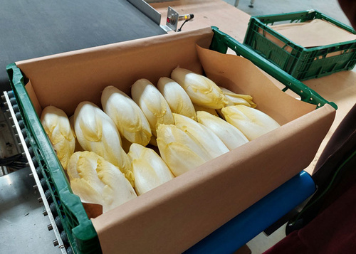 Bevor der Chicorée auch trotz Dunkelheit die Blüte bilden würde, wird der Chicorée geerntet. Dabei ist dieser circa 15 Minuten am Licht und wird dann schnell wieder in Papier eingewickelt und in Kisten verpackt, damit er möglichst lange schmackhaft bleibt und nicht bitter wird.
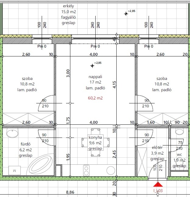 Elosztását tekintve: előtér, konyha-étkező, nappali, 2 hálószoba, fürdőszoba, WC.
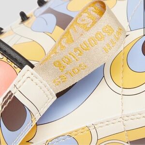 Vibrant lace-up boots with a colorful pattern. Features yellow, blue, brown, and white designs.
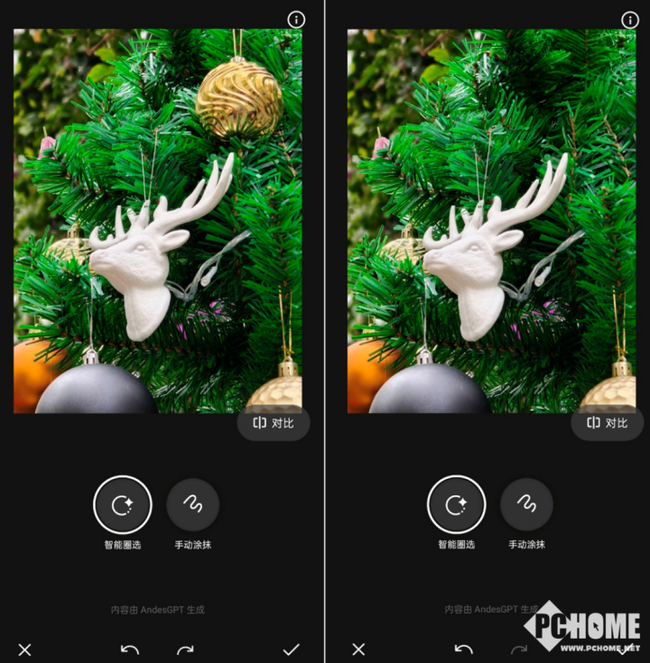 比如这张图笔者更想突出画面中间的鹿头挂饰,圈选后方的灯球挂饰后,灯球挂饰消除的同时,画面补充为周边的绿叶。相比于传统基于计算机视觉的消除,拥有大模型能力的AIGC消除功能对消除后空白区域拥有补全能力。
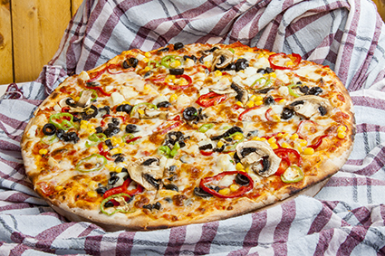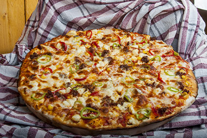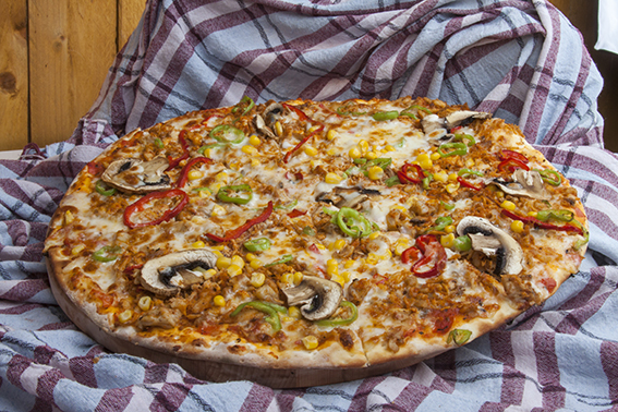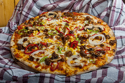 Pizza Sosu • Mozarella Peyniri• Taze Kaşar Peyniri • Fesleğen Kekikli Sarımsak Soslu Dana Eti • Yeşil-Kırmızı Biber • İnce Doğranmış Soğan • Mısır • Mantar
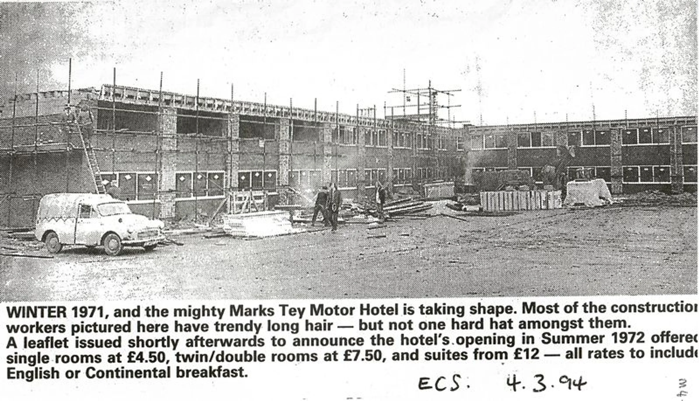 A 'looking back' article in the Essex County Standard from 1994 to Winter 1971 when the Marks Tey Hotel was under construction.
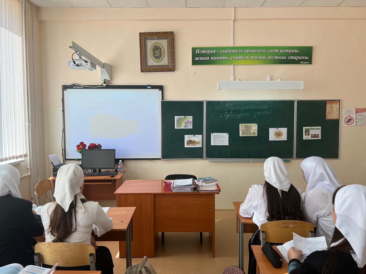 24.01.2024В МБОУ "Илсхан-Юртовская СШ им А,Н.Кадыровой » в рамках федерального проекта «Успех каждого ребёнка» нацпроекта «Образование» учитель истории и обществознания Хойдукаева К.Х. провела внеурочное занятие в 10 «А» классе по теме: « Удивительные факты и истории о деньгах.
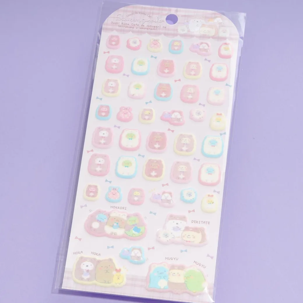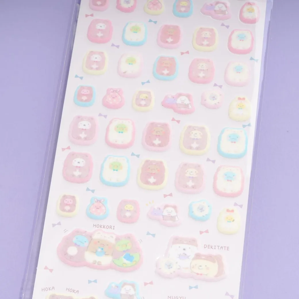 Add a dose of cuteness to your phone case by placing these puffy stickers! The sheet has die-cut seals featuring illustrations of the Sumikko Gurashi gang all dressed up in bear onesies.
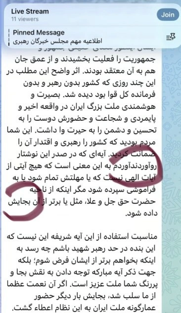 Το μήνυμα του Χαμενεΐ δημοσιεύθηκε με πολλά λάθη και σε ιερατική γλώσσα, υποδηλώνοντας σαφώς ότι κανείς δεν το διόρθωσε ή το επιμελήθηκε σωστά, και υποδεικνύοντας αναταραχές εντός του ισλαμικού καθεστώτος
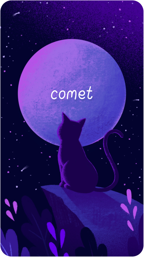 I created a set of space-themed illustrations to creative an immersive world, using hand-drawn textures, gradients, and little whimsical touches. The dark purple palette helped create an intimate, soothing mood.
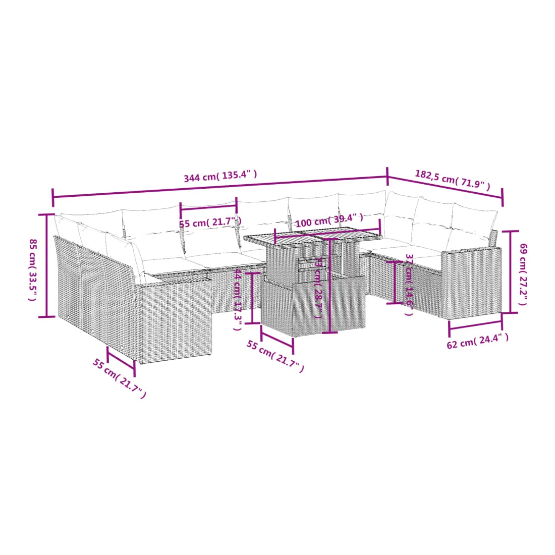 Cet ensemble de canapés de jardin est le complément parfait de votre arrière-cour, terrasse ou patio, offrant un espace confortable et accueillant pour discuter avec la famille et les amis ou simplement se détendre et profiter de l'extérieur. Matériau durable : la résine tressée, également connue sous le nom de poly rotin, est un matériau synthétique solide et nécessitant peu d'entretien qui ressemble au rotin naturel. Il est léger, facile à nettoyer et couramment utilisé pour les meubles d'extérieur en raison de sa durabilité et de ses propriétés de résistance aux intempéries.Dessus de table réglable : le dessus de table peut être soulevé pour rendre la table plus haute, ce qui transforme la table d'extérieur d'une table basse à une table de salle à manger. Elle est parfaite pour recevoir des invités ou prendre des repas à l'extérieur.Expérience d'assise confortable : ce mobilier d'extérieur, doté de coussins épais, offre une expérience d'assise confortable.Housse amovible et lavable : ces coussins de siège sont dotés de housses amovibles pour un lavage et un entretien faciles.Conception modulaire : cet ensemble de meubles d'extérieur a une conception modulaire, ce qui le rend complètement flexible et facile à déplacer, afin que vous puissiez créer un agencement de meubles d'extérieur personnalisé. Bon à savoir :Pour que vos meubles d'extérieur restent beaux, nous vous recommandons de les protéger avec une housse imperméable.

Aim of the exercise:
What is needed is an exact copy of the lines above from the one with "A 'looking back'" to the one with "истории о деньгах.", both ends kept, and nothing more; please leave the pictures out.

Written reply:
 A 'looking back' article in the Essex County Standard from 1994 to Winter 1971 when the Marks Tey Hotel was under construction.
 24.01.2024В МБОУ "Илсхан-Юртовская СШ им А,Н.Кадыровой » в рамках федерального проекта «Успех каждого ребёнка» нацпроекта «Образование» учитель истории и обществознания Хойдукаева К.Х. провела внеурочное занятие в 10 «А» классе по теме: « Удивительные факты и истории о деньгах.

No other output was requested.